Downloads are cached at <cache_dir>/<dataset_id>/, where cache_dir is resolved in this order:

$MS_DATASETS_CACHE
$MS_HOME/datasets
~/.ms/datasets

Each dataset directory also contains a manifest.json written after the manifest is fetched, for offline inspection.

To write somewhere else entirely, pass -o/--output DIR on the CLI or output_dir=Path(...) to the Python functions. The directory is used as-is — no {dataset_id} subdirectory is added.

Environment variables¶

Variable	Purpose	Default
`MS_API_URL`	Server base URL	`https://datasets.lab.gy`
`MS_DATASETS_CACHE`	Explicit cache directory	—
`MS_HOME`	Alternative cache root (`$MS_HOME/datasets`)	`~/.ms`

Python API¶

`download_dataset`¶

Download a dataset by UUID and return a Dataset:

from msdatasets import download_dataset

ds = download_dataset(
    "550e8400-e29b-41d4-a716-446655440000",
    filenames=["file1.mzML"],     # optional subset
    store_as="mzml",              # mszx (default) | msz | mzml
    max_workers=8,
    force_download=False,
)

print(ds.dataset_name, ds.cache_dir)
for path in ds:
    ...

Dataset supports len(), indexing, and iteration over the downloaded Path objects.

`download_repo_dataset`¶

Import a PRIDE or MassIVE project and download the resulting dataset. Use this for repository accessions — download_dataset takes UUIDs only:

from msdatasets import download_repo_dataset, RepoSource

ds = download_repo_dataset(
    RepoSource.PRIDE,          # or "pride" / "massive"
    "PXD075509",
    filenames=["19HCD_3.mzML"],
    store_as="mszx",
)

`load_dataset` / `load_repo_dataset`¶

Convenience wrappers that return an mscompress.datasets.torch.MSCompressDataset. They require pip install 'msdatasets[torch]':

from msdatasets import load_dataset

# UUIDs and repository specs both work; filenames come from the [...] syntax
dataset = load_dataset("pride/PXD075509[19HCD_3.mzML]")
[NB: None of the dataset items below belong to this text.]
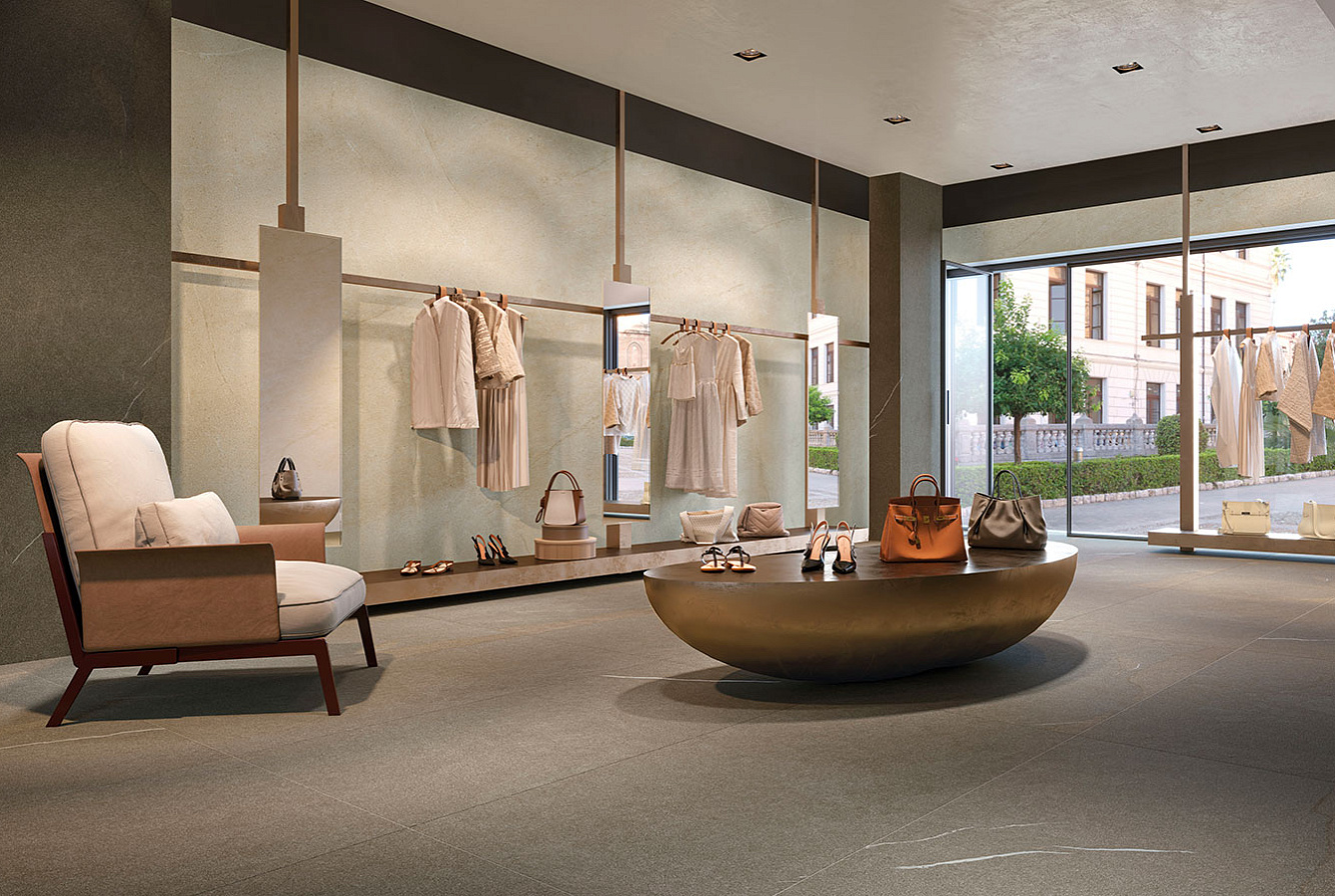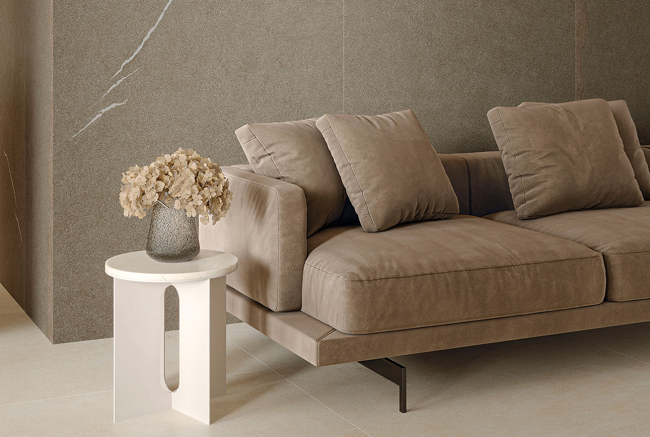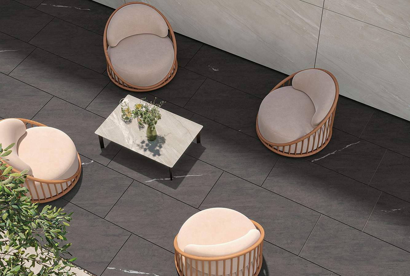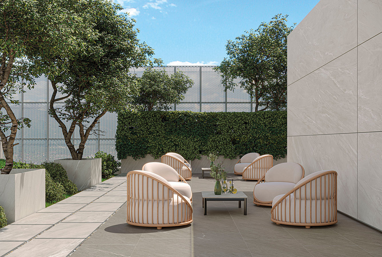 Серия производится в четырех популярных форматах: 120x278 см (толщина материала 6 мм), 80x160 см, 120x120 см, 60x120 см (толщина 9 мм) с матовой поверхностью, которые дополнены форматами 60x120 см и 60х60 см толщиной 20 мм для проектов, объединяющих внутренние и внешние пространства.
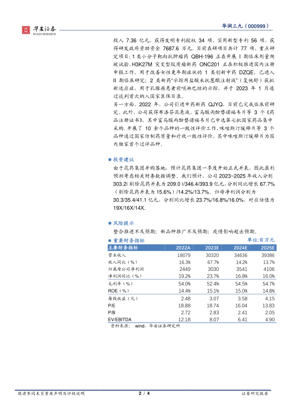 由于昆药集团并购落地,预计昆药集团一季度开始正式并表,因此盈利预测考虑相关财务数据调整。我们预计,公司2023~2025年收入分别303.2(剔除昆药并表为209.0)/346.4/393.9亿元,分别同比增长67.7%(剔除昆药并表为15.6%)/14.2%/13.7%。归母净利润分别为30.3/35.4/41.1亿元,分别同比增长23.7%/16.8%/16.0%,对应估值为19X/16X/14X。
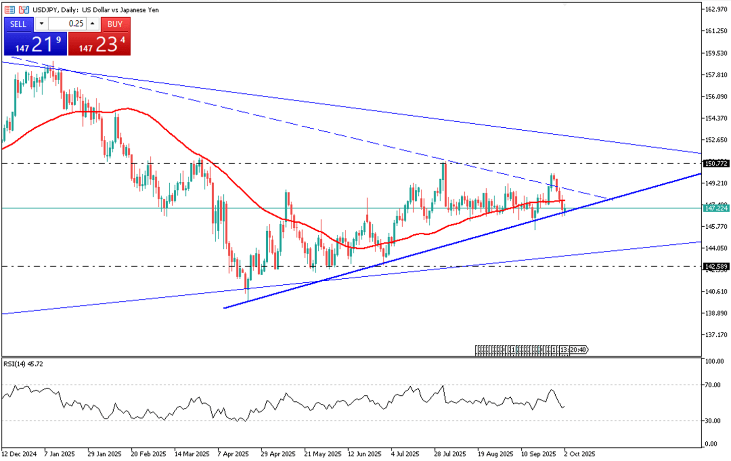 The yen eased to 147.5 per dollar ahead of Japan’s LDP leadership vote, while gold held firm near $3,850 per ounce, extending its safe-haven appeal amid the ongoing U.S. government shutdown. Sterling edged toward $1.3440, supported by a softer dollar, and silver remained in a weekly uptrend, holding close to $47 as Fed cut expectations and supply concerns underpinned demand.
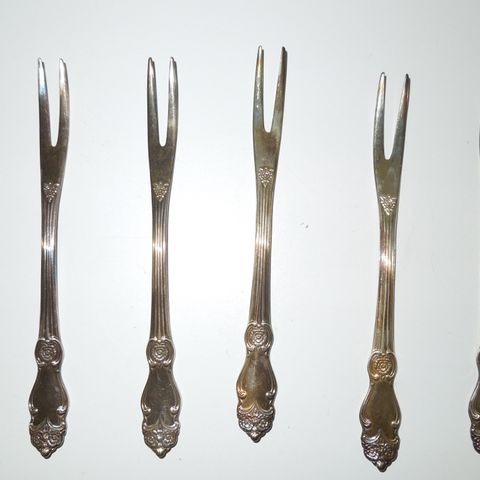 Hopeanväriset jälkiruokahaarukat koristeellisella varrella 6 kpl

load_dataset and load_repo_dataset do not expose store_as or output_dir; they download to the default cache as .mszx and hand the cache directory to MSCompressDataset.

Exceptions¶

DatasetNotFoundError — server returned 404 for the dataset or project.
DownloadError — network or server failure during download.
ExtractionError — server-side extraction task failed (subclass of DownloadError).